The addictive nature of some computer games was also leading to serious social disorders, doctors giving presentations at this year's Australian Council on Children and the Media conference said.
While many parents worry whether they should give small children access to technology, a lecturer at the Institute of Early Childhood at Macquarie University, Kate Highfield, said a small amount of screen time with the right apps or games could help a child's development.
However, too much time with technology or the wrong kind of content could be harmful, the Sydney Morning Herald reported.
Dr Highfield said that since [screens] are mobile they are able to be taken anywhere, which increases their use and can be key in displacing other activities and engaging with others.
Her research found 85 per cent of the apps purchased for children were just "drill and practice" apps that asked children to repeat an action or recall simple facts.

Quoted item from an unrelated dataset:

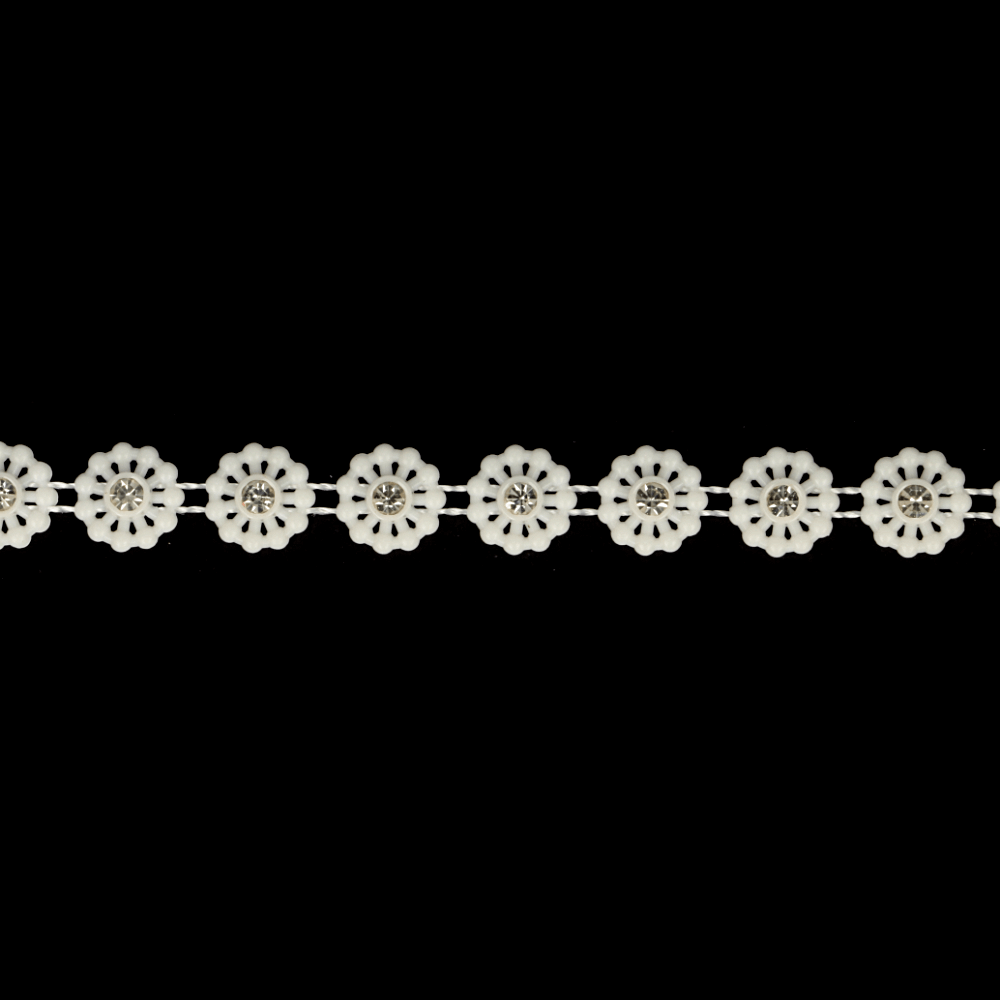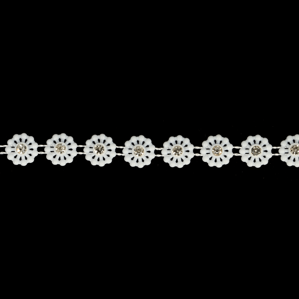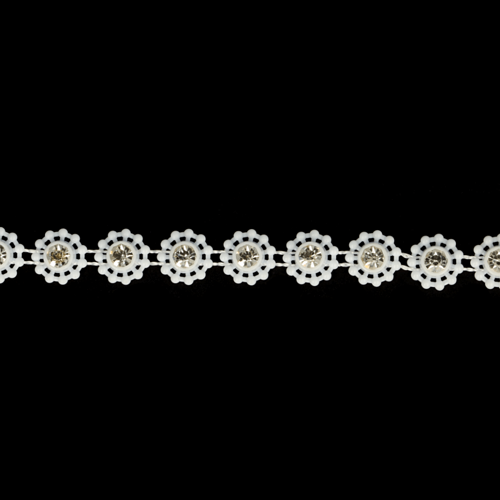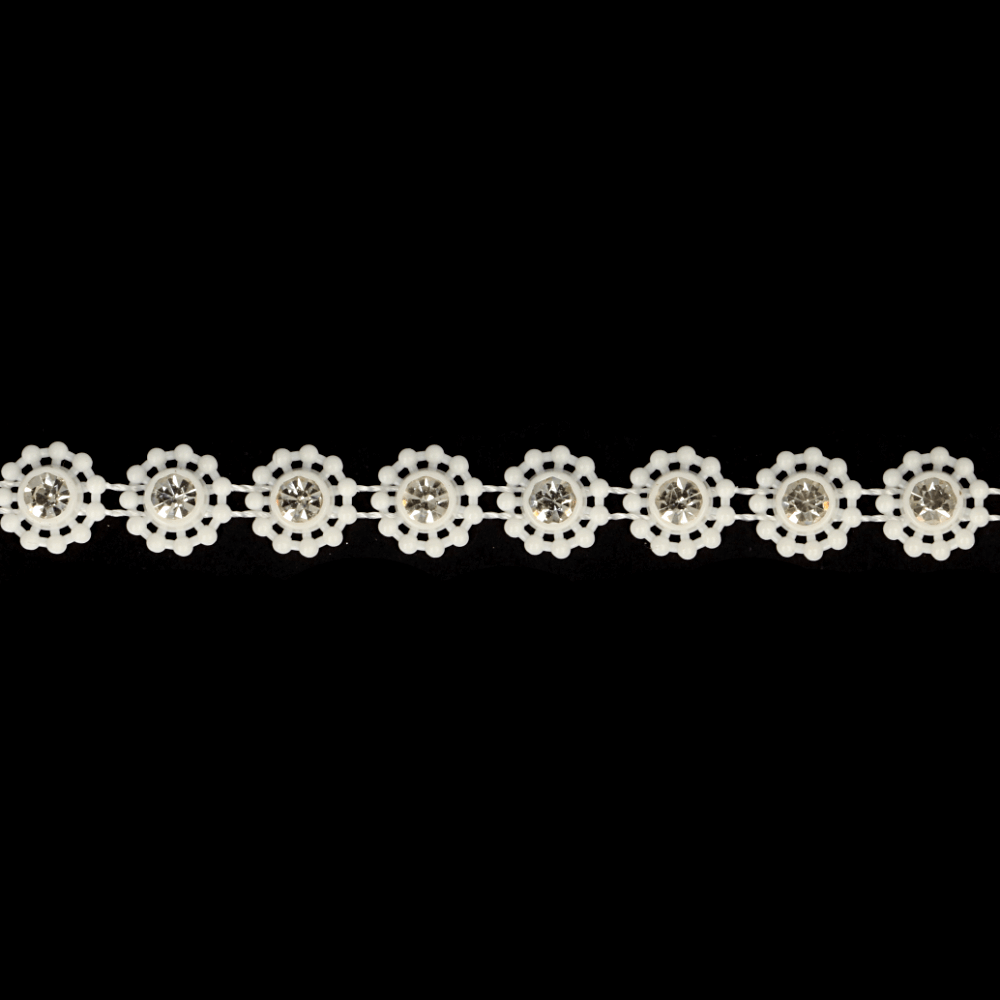 Strassband bloem kleine steen wit - 9,2m - 009 -

These "consumption" based apps led to lower-level neural development while excessive in-game rewarding led to unrealistic expectations.
Parents and teachers should provide a range of technology, she said, because "if a child is only playing those types of basic drill and practice apps, that's not a healthy digital diet".
She recommended apps like Artmaker, My Story, Explain Everything, Toca Builders and Creatorverse, which require input from the child.
Current health regulations suggest children under two years of age have no screen time at all, including television, and children under five years have less than an hour a day.
Surprisingly, even adults should have no more than two hours of screen-based entertainment a day.